Main Issues
service of documents of action to an absentee without being served to the administrator of the absentee
Effect of Time Service
Summary of Judgment
If an administrator is appointed by the court, only such administrator may, for the sake of an absentee, conduct procedural acts, such as service by court only on behalf of the administrator or on behalf of the administrator.
[Reference Provisions]
Article 25 of the Civil Act, Article 52 of the Civil Procedure Act
Plaintiff-Appellant
Plaintiff (Attorney Kim Jong-soo, Counsel for the plaintiff-appellant)
Defendant-Appellee
Non-party 1 administrator of the non-party 1 (Attorney Seo-soo, Counsel for plaintiff-appellant)
original decision
Gwangju High Court Decision 67Na227 decided September 17, 1968; 67Na227 decided September 17, 1968
Text
The appeal is dismissed.
The costs of appeal shall be borne by the plaintiff.
Reasons
With respect to the plaintiff's ground of appeal No. 1, if a non-resident re-appellant is appointed by the court, it can be interpreted that only the administrator or the administrator can conduct litigation against the non-resident. In this case, even if the service of litigation documents is made to the non-party 2 who is appointed by the court as the administrator, and the service is made to the non-party 2 without being made to the non-party 2 who is appointed as the administrator by the court, the service cannot be deemed legitimate. This case's original copy of the judgment of the court of first instance is service to the non-resident, and the service cannot be recognized even if it is made to the non-party 2, the administrator was living in the same place as the defendant's last address and the administrator was aware of the non-party 2's domestic affairs and the administrator was not aware of the service to the absentee, and the decision that the court below recognized that the non-party 2's appeal was legitimate after the filing of a lawsuit by the court is not reasonable and reasonable.
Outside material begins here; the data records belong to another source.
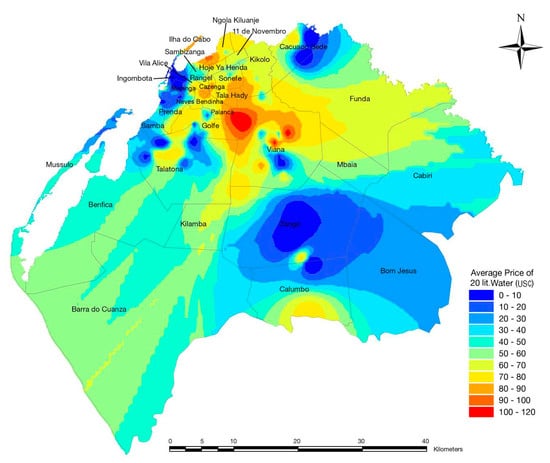 New water systems serving individual households were built to serve the high-income greenfield commercial areas being built in the city’s southern suburb, Luanda Sul. Such new systems also bypass low-income communities with high density on the route. Water infrastructure in the newly developed subdivisions significantly increases the value of land plots for the private benefit of real-estate developers. However, little revenue is earned by EPAL, which sells water at the official subsidized price to a relatively small number of customers residing in these low density housing areas [5]. The official subsidized price for water in 2017 was USD$0.25 [17], compared to the informal market price averaging about USD$10.00 per cubic meter, forty times more. The map in Figure 3 shows the variation of water prices across the city of Luanda, demonstrating the high cost of water in the informal musseques.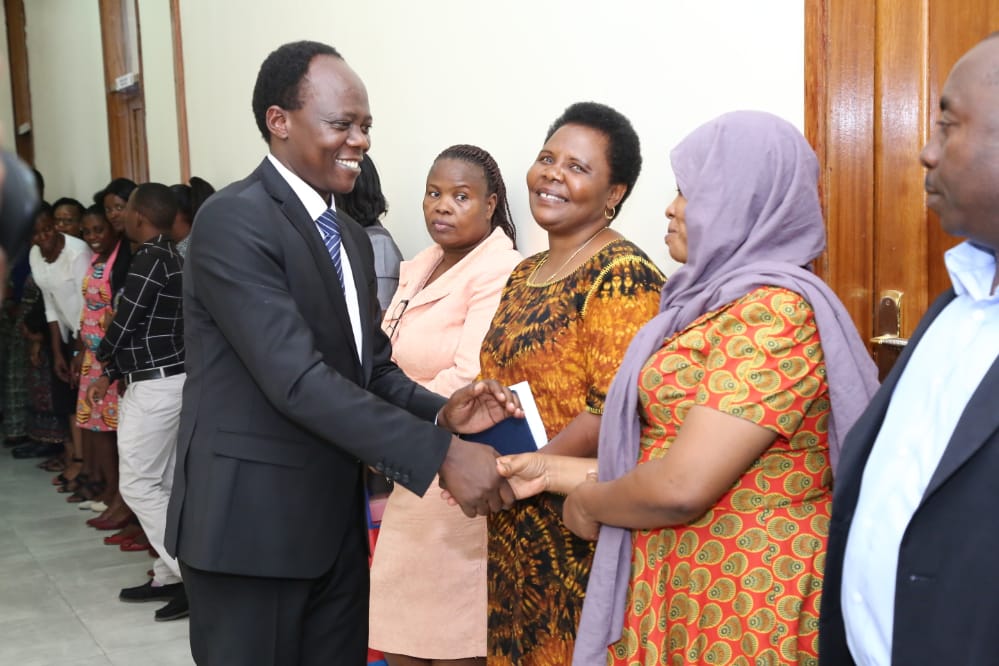 Katibu Mkuu Wizara ya Afya, Maendeleo ya Jamii, Jinsia, Wazee na Watoto Prof. Mabula Mchembe akisisitiza jambo mbele ya Watumishi wa Afya wakati wa mapokezi ya Waziri wa Afya, Maendeleo ya Jamii, Jinsia, Wazee na Watoto na Naibu Waziri wake katika ofisi za Wizara ya Afya Mtumba Jijini Dodoma.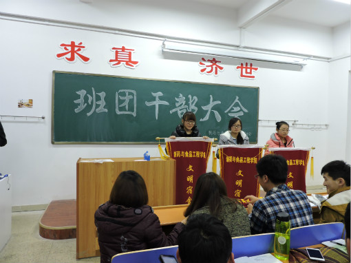 为积累工作经验,及时调整工作方向,2014年12月12日,制药与食品工程学院在和剂书院209教室举办班团干部大会。学生会主席魏贯宇、副主席侯婷婷、学生会各部部长及各班班团干部参加此次会议。会议由14级制药3班宁毓航主持。

As to ground of appeal No. 2
The statement of each witness in the theory is somewhat ambiguous in the original judgment, but it is interpreted by the original judgment to have rejected it, and unless it is possible to find out the data that the original judgment of the defendant who did not recognize it as a trust relation was unlawful, the argument about this matter is ultimately attributable to the criticism of the lower court's entire authority on the determination of evidence and the recognition of facts, and the explanation of the reasoning of the original judgment on the cancellation of trust is nothing more than unnecessary. All arguments are without merit.
Therefore, according to Articles 400, 399, and 384 of the Civil Procedure Act, it is so decided as per Disposition by the assent of all participating judges.